Is $Pr(A | B , C) = Pr(A | B) \cdot Pr(B | C)$ a valid thing to write?

Question

The question heading actually highlights my point of confusion.

Answer 1

Suppose $X_1,X_2$ are independent coin throws, and take the events

$A: X_1=X_2$

$B: X_1\text{ is head }$

$C: X_2\text{ is head }$

Then $P(A|BC)=1$, and $P(A|B)=P(B|C)=\frac{1}{2}$

Answer 2

Definitely not.

Consider a simple example involving two independent coin flips (of a fair coin). If we set $A = (\text{Flip 1 is Tails})$ , $B = (\text{Flip 1 is Tails})$, and $C = (\text{Flip 2 is Tails})$, then we find $P(A|B\text{ and } C) = 1$, $P(A|B) = 1$, and $P(B|C) = 1/2$. In this scenario, we have $$ P(A|B\text{ and } C) = 1 $$ but $$ P(A|B)P(B|C) = 1\cdot 1/2 = 1/2\ne 1. $$

Answer 3

To complement the counterexamples in the other answers, I would also suggest writing out the definitions to see why you shouldn't expect this to hold in general.
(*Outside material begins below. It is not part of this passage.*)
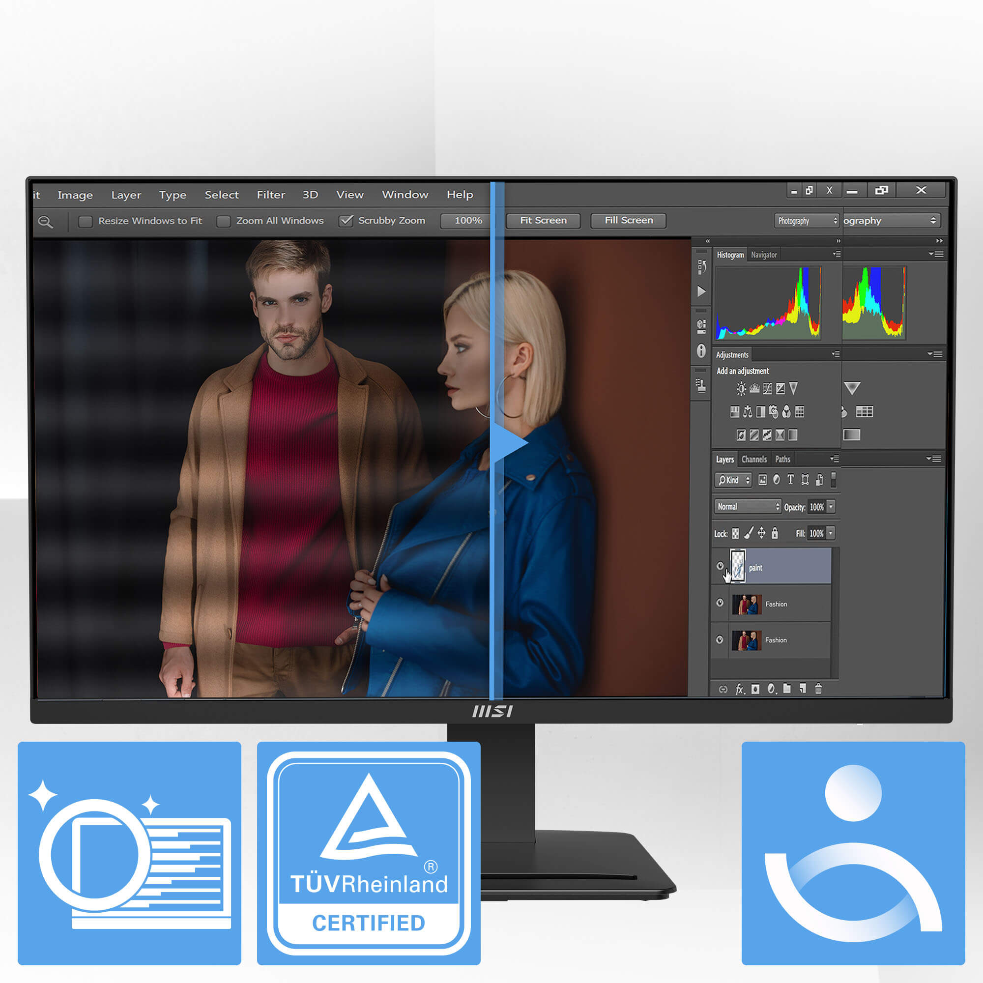 - MSI EyesErgo technology with Anti-Flicker technology helps prevent eye strain and fatigue.

Recall $$P(D|E):=\frac{P(D\cap E)}{P(E)}.$$

So assuming $B,C$ have positive probability, you can write $$P(A|B,C)=\frac{P(A\cap B\cap C)}{P(B\cap C)}=\frac{P(A\cap B|C)}{P(B|C)}=\frac{P(A\cap C|B)}{P(C|B)}.$$

If you assume $A,C$ are conditionally independent (conditional on $B$), then this simplifies to $P(A|B)$. That's about the closest you can get to something that looks like your expression.